Pelajar SMA di Jawa Barat membuat aplikasi berbasis AI.(PJI)
Lebih dari 2.600 siswa dan guru dari 21 Sekolah Menengah Atas di Jawa Barat mencatat sejarah baru setelah berhasil memecahkan rekor dunia Guiness World Records untuk kategori Most Applications Made in an On-site Generative AI Event. Dalam kegiatan tersebut, para peserta berhasil menciptakan 10.821 aplikasi berbasis kecerdasan buatan (AI) secara langsung, menjadikannya kegiatan edukasi AI terbesar yang pernah diadakan di dunia. Program ini merupakan hasil kolaborasi antara Amazon, Prestasi Junior Indonesia, AIkademi Foundation, dan Yayasan Sagasitas Indonesia.
Melalui kegiatan ini, siswa dan guru tidak hanya belajar tentang teknologi Generative AI (Gen AI), tetapi juga berlatih menggunakannya untuk menciptakan solusi nyata di berbagai bidang, mulai dari asisten manajemen proyek, pemantau jejak karbon pribadi, hingga aplikasi pembelajaran interaktif. Proses pembuatan aplikasi dilakukan di sekolah-sekolah serta di Think Big Space SMKN 1 Karawang, tempat para siswa mempresentasikan ide dan konsep yang telah mereka rancang sebelumnya. Para guru berperan mendampingi dan mengarahkan peserta agar dapat menerapkan teknologi AI generatif secara etis, kreatif, dan bertanggung jawab.

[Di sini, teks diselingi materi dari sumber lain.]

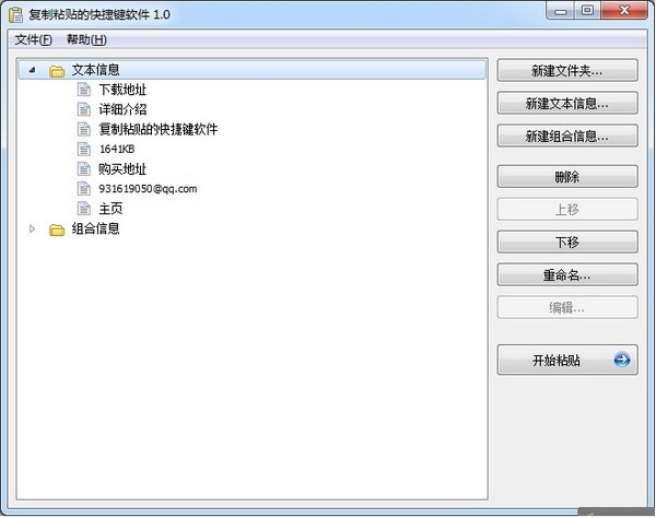 2、軟件可以建立組合信息,一鍵可將多個信息粘貼到不同的窗口。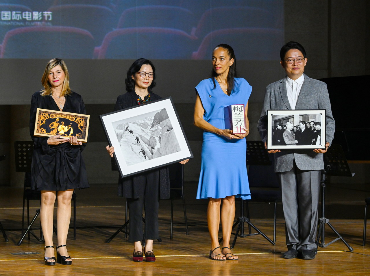 音乐会的互赠环节,寓意中法电影携手同行的百年,共同迎接更加美好的未来。查理·卓别林的孙女卡门·卓别林将一幅珍藏多年的卓别林与梅兰芳合影赠予梅兰芳先生曾孙、梅兰芳纪念馆研究员梅玮。梅玮则回赠书籍《梅兰芳菲》。中国电影资料馆副馆长张旭霞与法国奥弗涅-罗讷-阿尔卑斯大区副主席苏菲·洛特科夫同样互赠珍贵电影礼物,寓意中法电影文化圆满合作、历久弥新。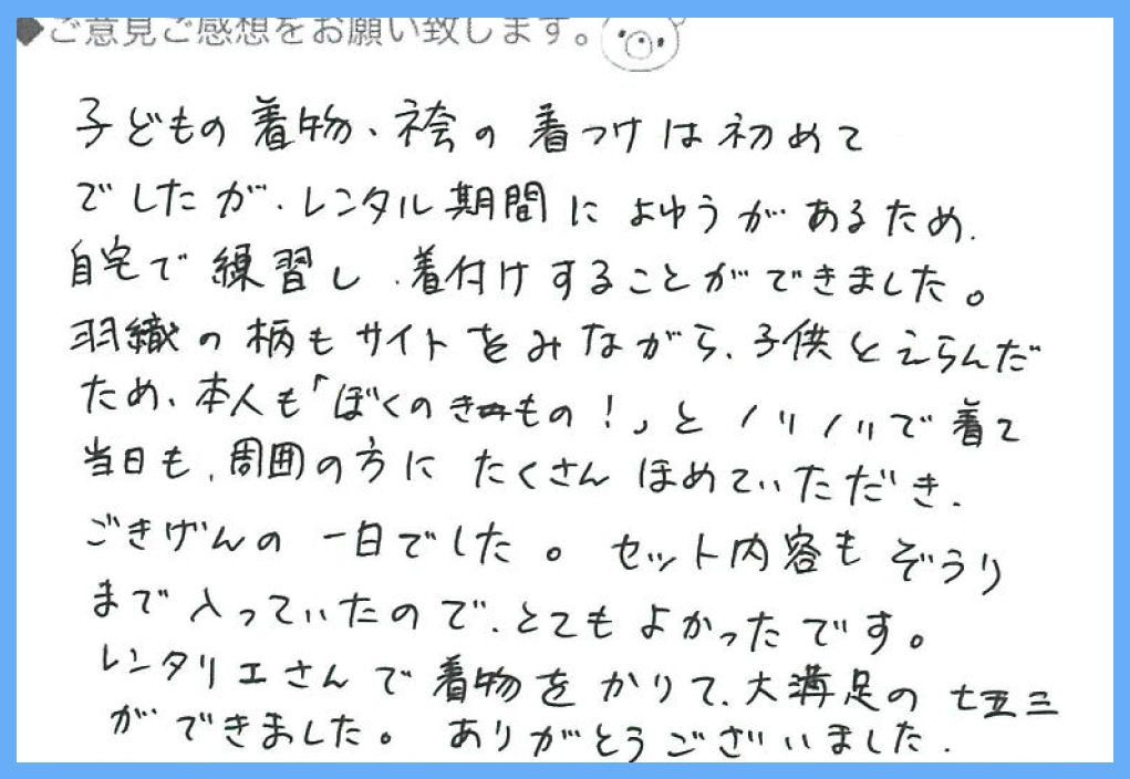 羽織の柄もサイトをみながら子供とえらんだため、本人も「ぼくのきもの!」とノリノリで着て、当日も周囲の方にたくさんほめていただき、ごきげんの一日でした。セット内容もぞうりまで入っていたので、とてもよかったです。
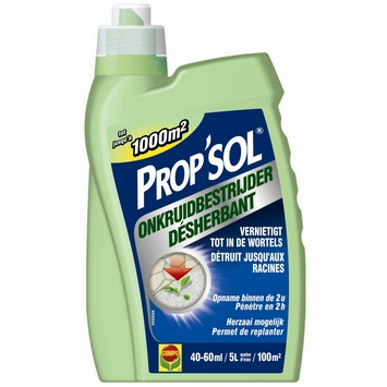 Prop'Sol détruit les mauvaises herbes jusqu'aux racines. Aucune ne lui résiste au-delà de 2 heures. Vous pouvez ensuite réensemencer sans problème. Conseil : utilisez les biocides avec précaution. Avant toute utilisation, lisez l'étiquette et les informations concernant le produit.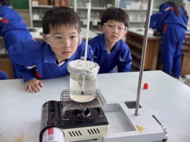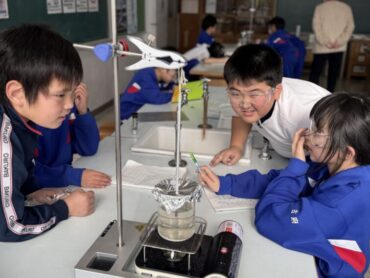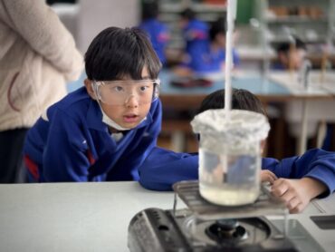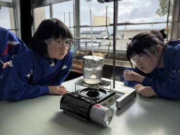理科の実験で水をガスコンロで温め、水の温度が何度まで上がるのか調べていました。真剣に温度計を見つめるまなざしがすてきですね。知りたい!調べたい!という旺盛な意欲を感じました。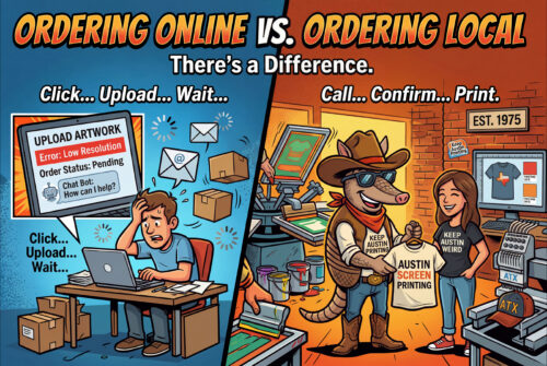 At Austin Screen Printing, our in-house art department reviews every job. Need adjustments? Tweaks? Not sure what file you have? We’ve got you.
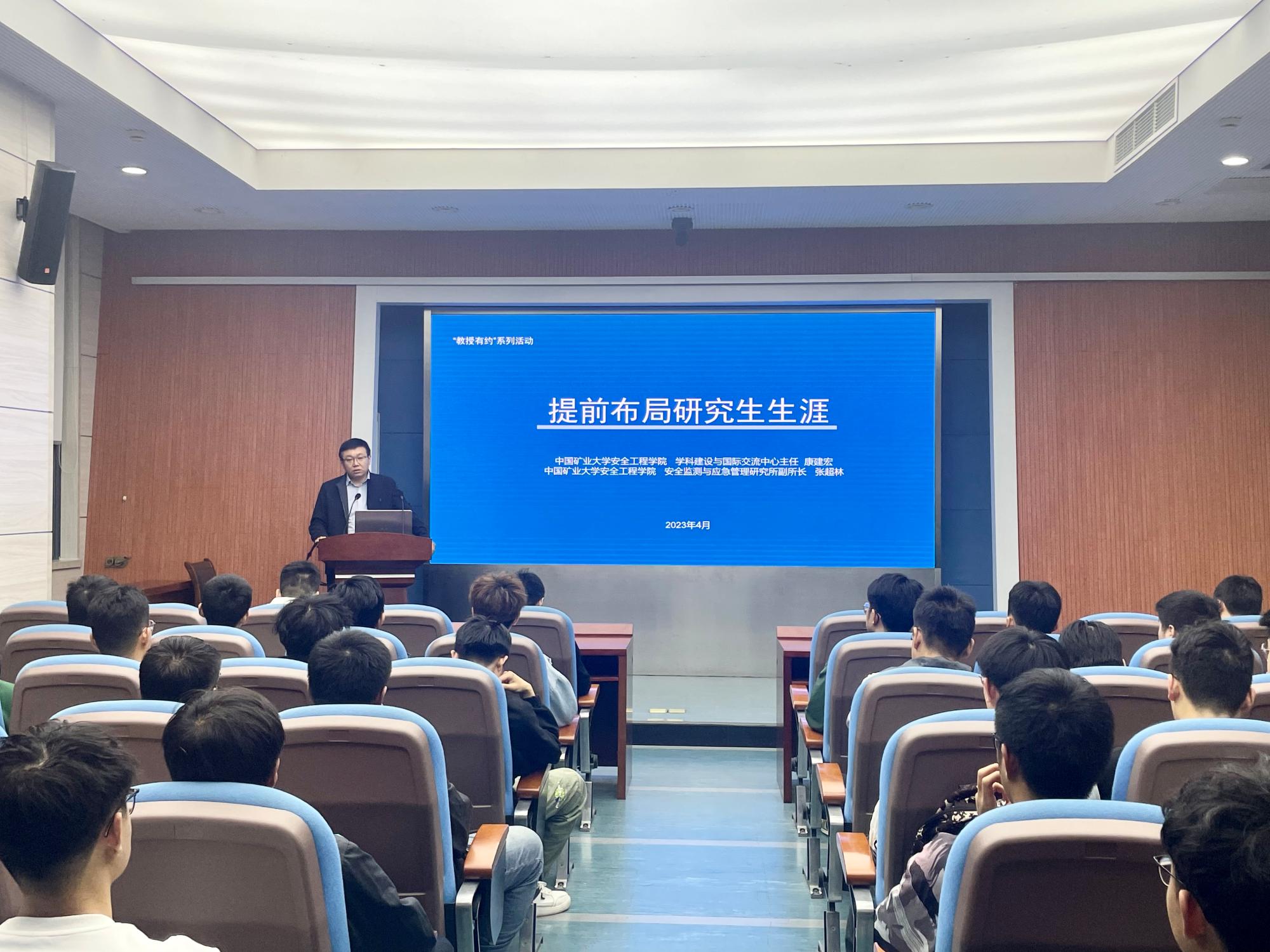 在矿业科学中心A200开展第八十二期教授有约活动,康建宏教授、张超林老师受邀担任主讲,19级辅导员郭佳、20级国际班行政班主任王金鑫及19级升学学生、20级国际班学生参加了此次活动。本次活动由19级国际班行政班主任林忆超主持。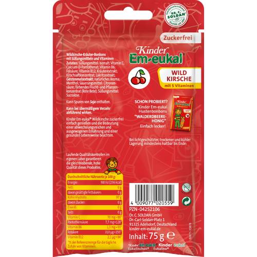 Kinder Em Eukal Vitamin Hustenbonbons mit Wildkirschgeschmack, Malz, Honig und Kräuterextrakten haben den fruchtigen Geschmack der Wildkirsche, den Kinder und Muttis echt stark finden. Vitamin C steigert die Abwehrkräfte.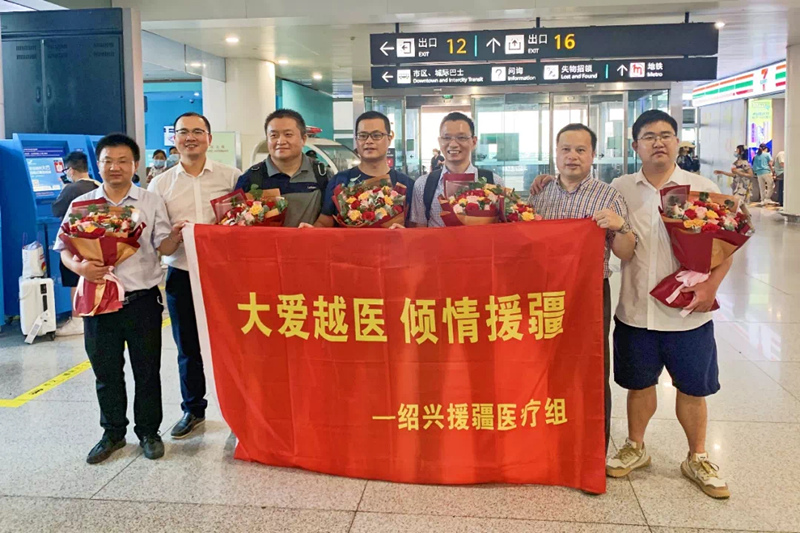 6月29日,绍兴市第十批第一期援疆医疗队凯旋而归(李旦左一)
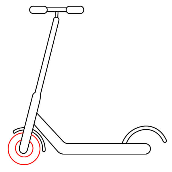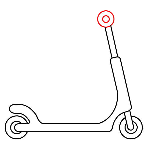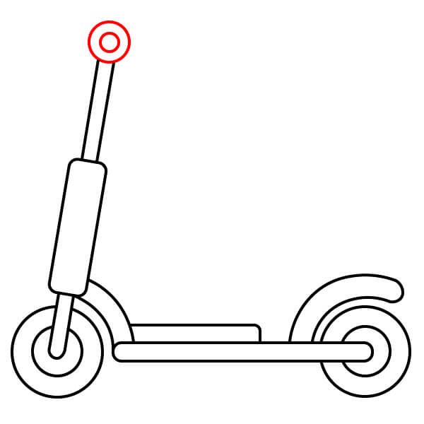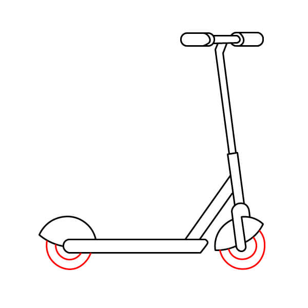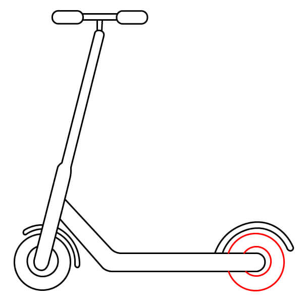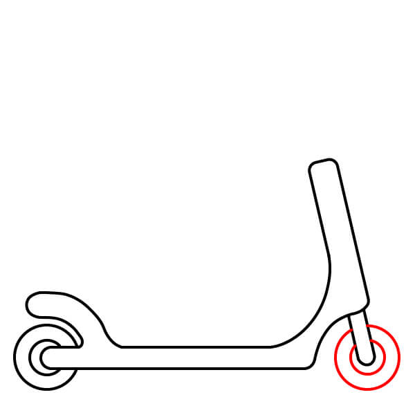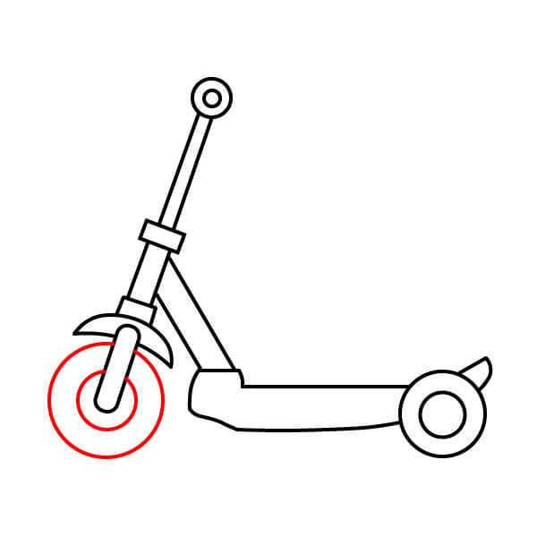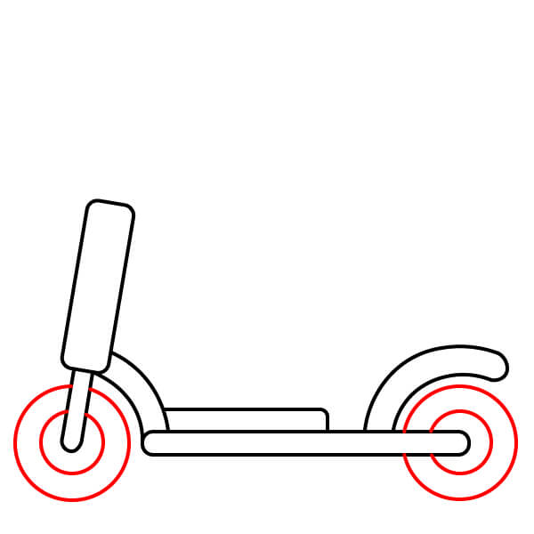 Bước 7: Vẽ hai vòng tròn đồng tâm ở cả phía trước và phía sau xe scooter để tạo thành bánh xe.

Melalui inisiatif ini, Amazon Web Services (AWS) menegaskan komitmennya mendukung transformasi digital di Indonesia, terutama dalam pengembangan keterampilan komputasi awan (cloud computing) dan kecerdasan buatan (AI). Sejak 2017, AWS telah memberikan pelatihan cloud kepada lebih dari satu juta masyarakat Indonesia, dan kini memperluas fokus ke ranah AI edukatif.
Dengan menyediakan platform AI yang mudah diakses, Amazon mendorong siswa dan guru untuk berinovasi bahkan tanpa latar belakang pemrograman yang kompleks. Langkah ini juga memperkenalkan peluang karier baru di bidang teknologi, sejalan dengan visi pemerintah menuju transformasi digital nasional.
Kegiatan ini bukan hanya ajang pemecahan rekor, tetapi juga menjadi ruang belajar kolaboratif antara siswa, guru, dan relawan teknologi. Prosesnya diawasi langsung oleh juri Guiness World Records, yang memastikan seluruh aplikasi yang dihasilkan berfungsi dan unik satu sama lain.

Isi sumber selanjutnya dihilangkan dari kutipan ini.